For both scenarios, my best bet is that some pages/sites will "escape the sandbox" sooner than others, and that some will be "escaping gradually" every day for the forseeable future.
(*) I'm not trying to troll here, only emphasizing that there are numerous different things attributed to the term "sandbox" in different threads, by different members. We've all got "a general idea" but the specifics, as well as the theories differ a lot.
>> about a month or so ago the three sets of kw phrases I search for on a daily basis
>> returned more than double the number of SERPs
November 10, as noted by neuron in msg #131 here [webmasterworld.com].
yes I realize the number of pages went from 4 to 8 billion, that was tough to miss. Still, from some of the messages it seemed like there might be at least some areas where people weren't seeing much difference. I was just wondering if that was indeed the case. It seems not.

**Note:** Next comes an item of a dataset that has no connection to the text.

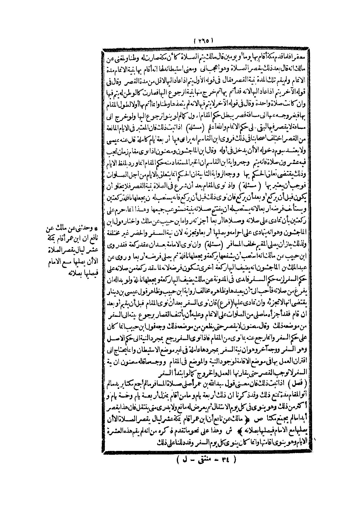 (ص) : (مَالِكٌ عَنْ نَافِعٍ أَنَّ ابْنَ عُمَرَ أَقَامَ بِمَكَّةَ عَشْرَ لَيَالٍ يَقْصُرُ الصَّلَاةَ إلَّا أَنْ يُصَلِّيَهَا مَعَ الْإِمَامِ فَيُصَلِّيَهَا بِصَلَاتِهِ) .

There were huge "of about X results" changes in many SERPs I watch. I'd say most everyone noticed the same.
It was nicer to tell a semi-sandboxed client they were #20 out of 115,000,000 as opposed to 50million. ;-)
G needs a big change...something to keep it fresh, updated and the leader of SEs.
The surpise from MS to G i think it could be a desktop MSN search field in the new MS W1ndows products...that's what really scares G.
But i am sure G will answer back...
MS got in its 'house', G will get in MS 'house' too...
i expect more G desktop products.
And the 'game' or 'war' is getting harder and harder....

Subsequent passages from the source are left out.